Hellscape Earth
(Adapted from The Climate Pandemic: How Climate Disruption Threatens Human Survival)
You might have puzzled over why scientists are so worried over a few degrees of global heating. After all, over the seasons we experience far more temperature variation—from frigid winters to scorching summers. But seemingly small global temperature changes can trigger debilitating, even lethal, local extremes. The effects of such extreme temperatures were succinctly summarized by environmental economists Tamma Carleton and Solomon Hsiang:
Heat induces mortality, has lasting impact on fetuses and infants, and incites aggression and violence while lowering human productivity. High temperatures also damage crops, inflate electricity demand, and may trigger population movements within and across national borders.[1]
Average global temperatures have continued to set modern records. As of this writing, summer 2020 was the hottest year on record for the Northern Hemisphere, according to the US National Oceanic and Atmospheric Administration (NOAA).[2] And the decade 2009-2018 was the warmest on record globally, according to the European Environmental Agency.[3] More broadly, annual global temperatures are the hottest in 12,000 years, researchers found when they reconstructed ancient temperatures from marine sediment cores.[4]

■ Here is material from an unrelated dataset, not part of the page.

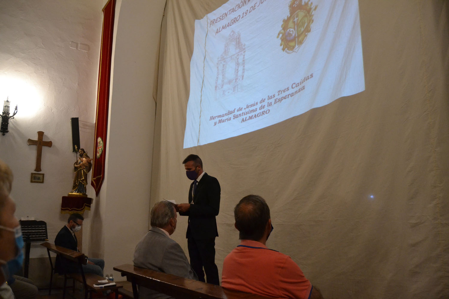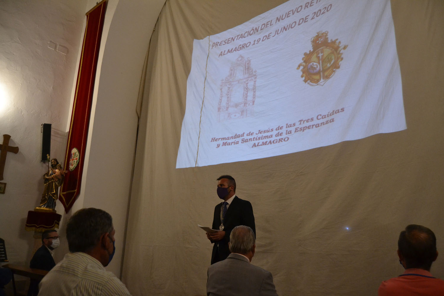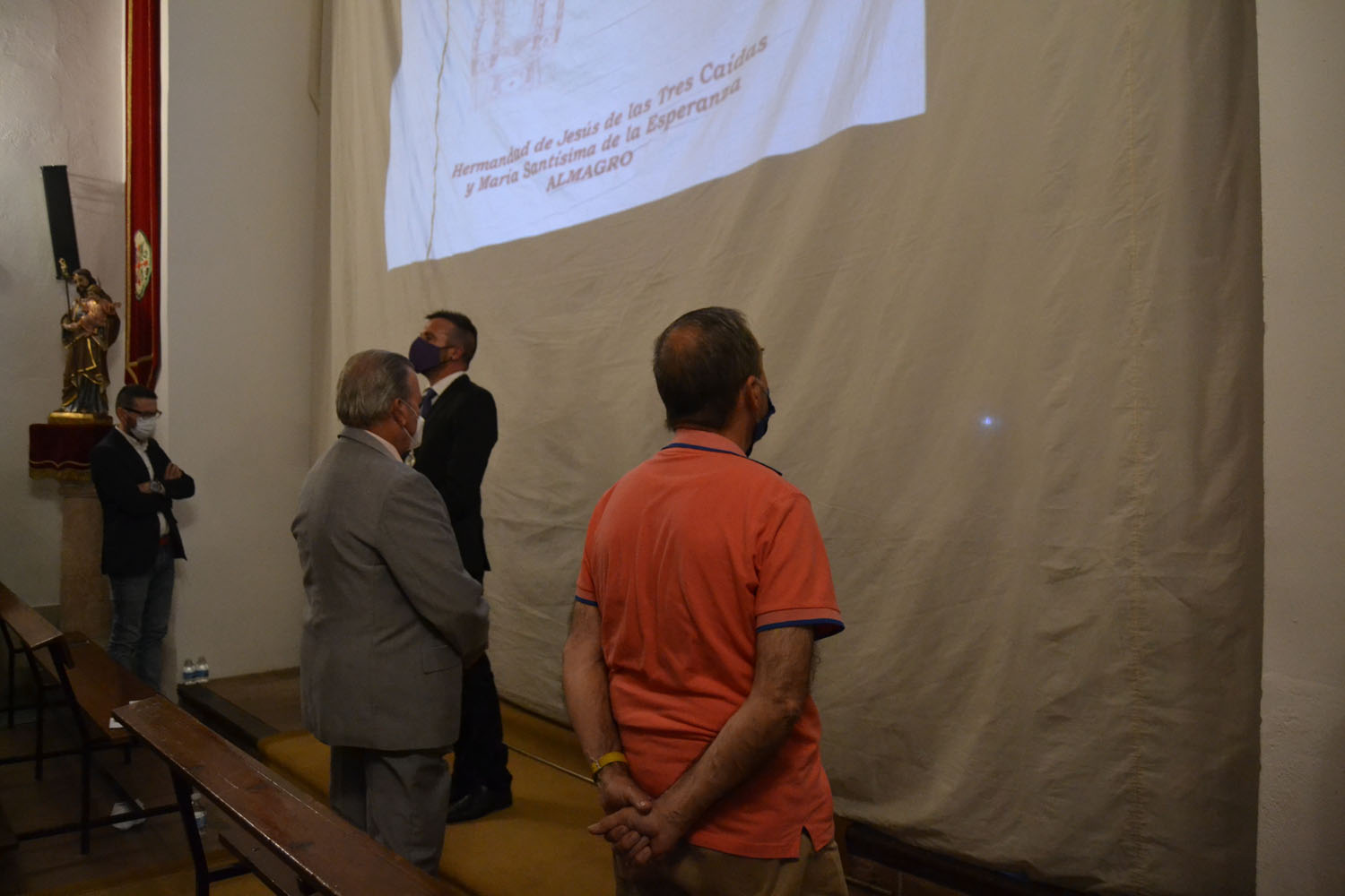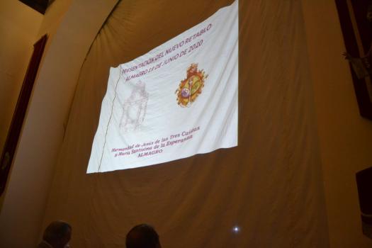 La presentación comenzó con una proyección de todo el proceso de rehabilitación del altar mayor hasta su definitiva instalación del retablo. Las imágenes proyectadas muestran el trabajo realizado en la cubierta del altar desmontado por completo, la restauración y recuperación del artesonado que se encontraba oculto previo a la realización de este retablo del que también se proyectaron imágenes del proceso de su creación. David Martínez, responsable de la empresa Artemartinez, explicó algunos de detalles de la realización del proyecto. La Hermandad, en reconocimiento a su trabajo, le entregó un obsequio.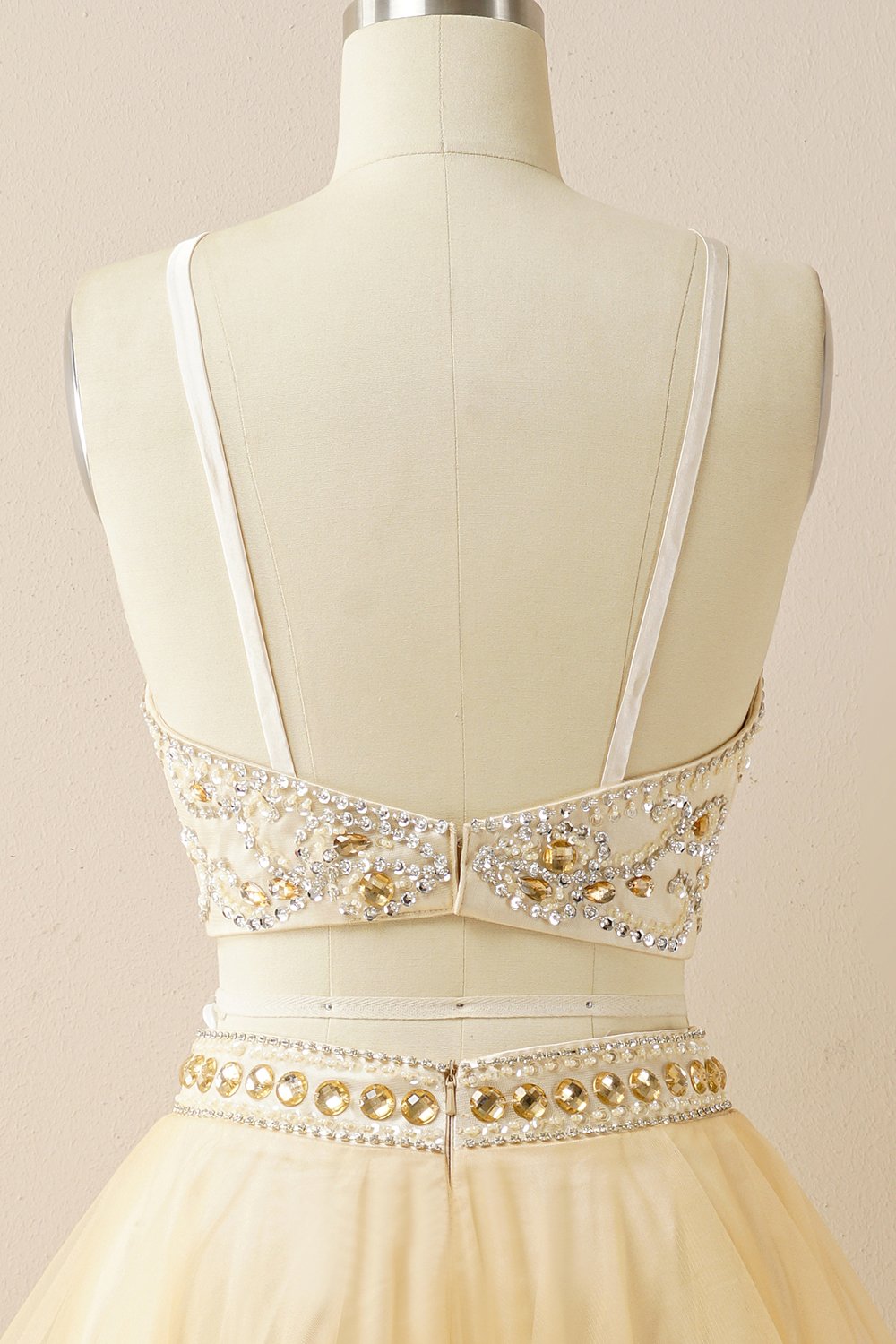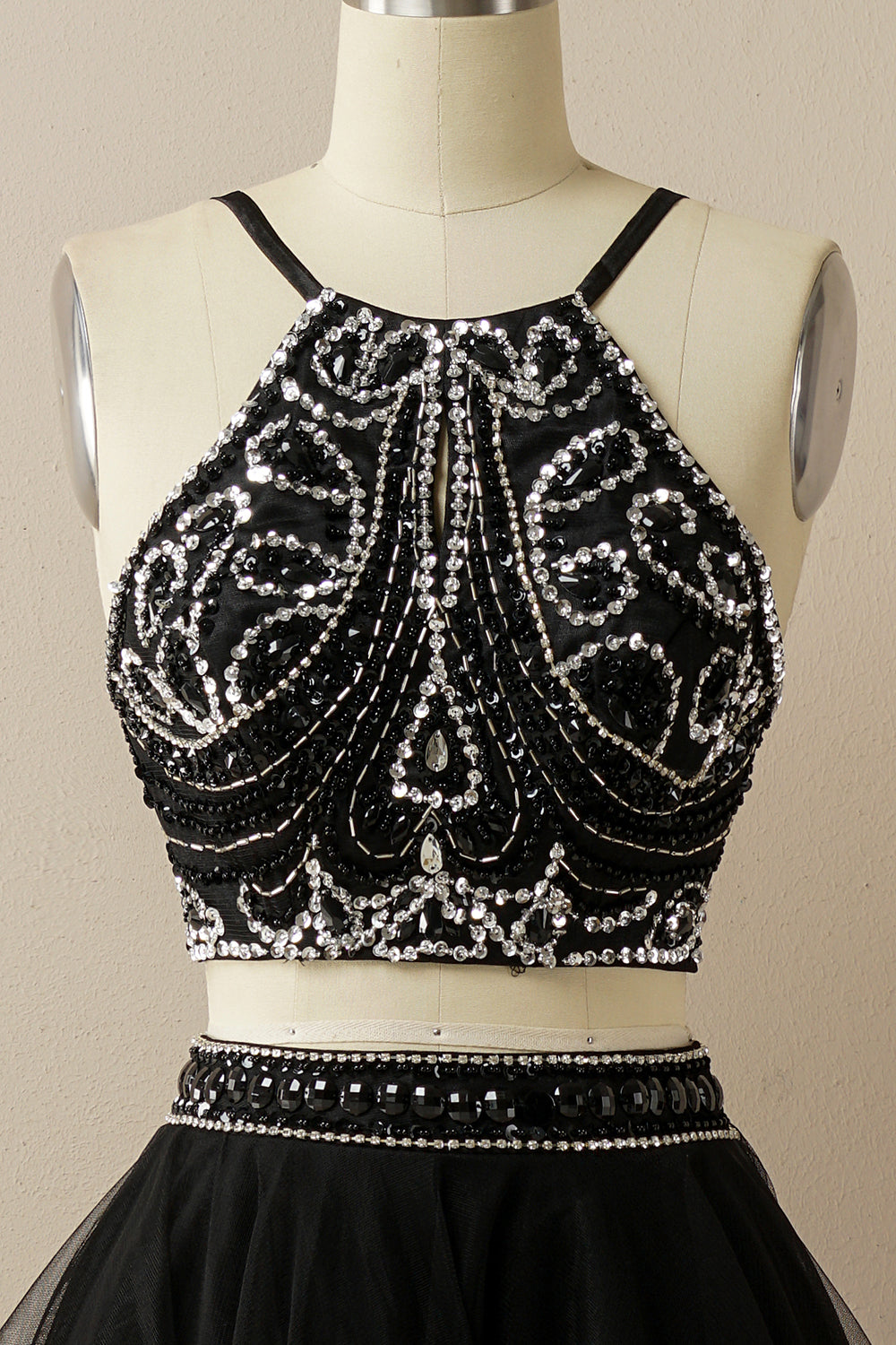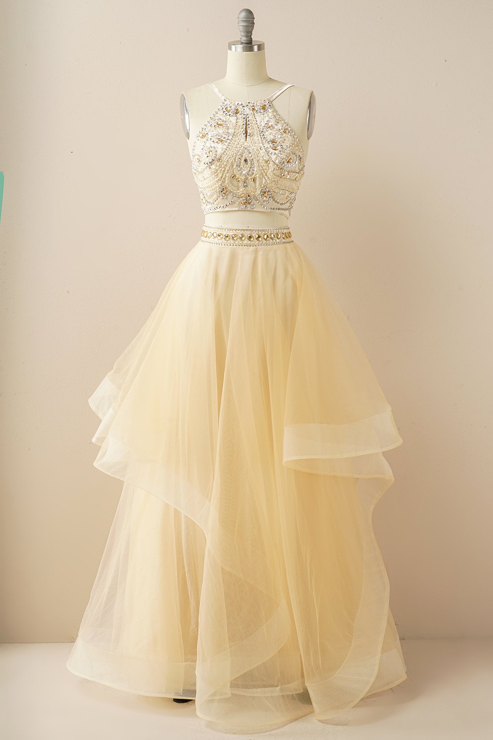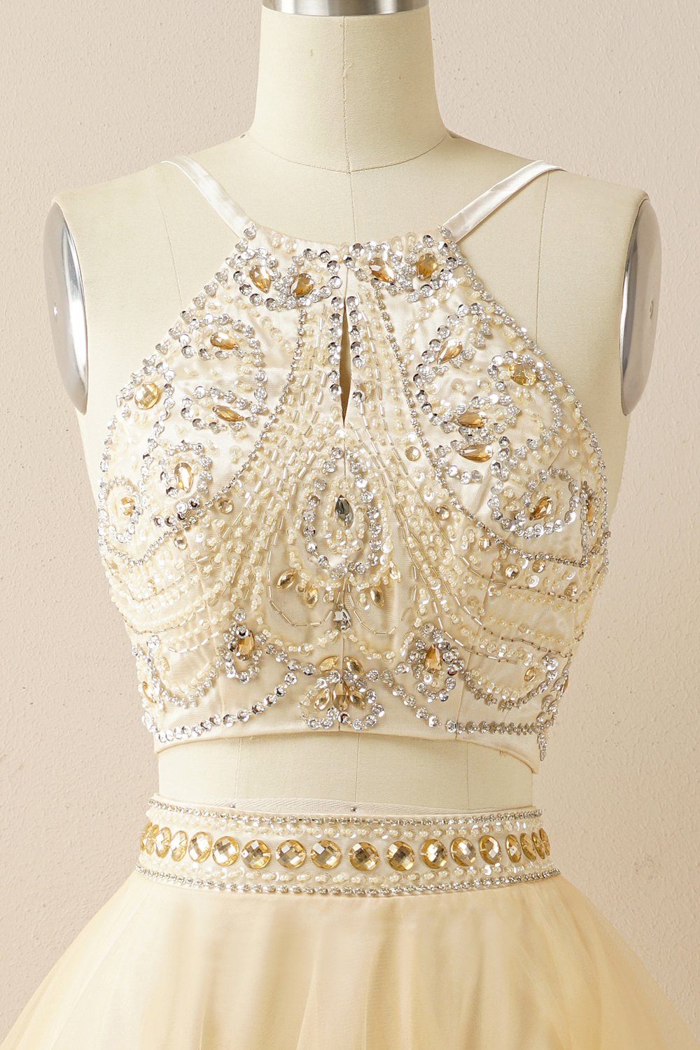 Two Pieces Halter Beaded Prom Dress

The vicious heat waves spawned by such temperatures are exemplified by those in the summer of 2022, in which records were set in Europe, Africa, and Asia.[5] No doubt, after this book’s publication, record heat waves will continue.
Mind-blowing future heat
Multiple studies have predicted an enormous future rise in lethal heating—“not only more intense extremes but also events that break previous records by much larger margins,” found one study. The study predicted many-fold increases—compared with the last three decades—in the probability of record extremes over the next five decades.[6]
By 2050, even if the 2°C limit is met, dangerous heat index levels will increase up to 100% across much of the tropics, found another study. The heat index measures the combined effects of temperature and humidity and reflects heat’s impact on the body. Such heating will increase by 3 to 10 times in the temperate zones, such as the US and Europe. By 2100, tropical and subtropical countries will experience dangerous heating during most days, and “the kinds of deadly heat waves that have been rarities in the midlatitudes will become annual occurrences,” found the study.[7]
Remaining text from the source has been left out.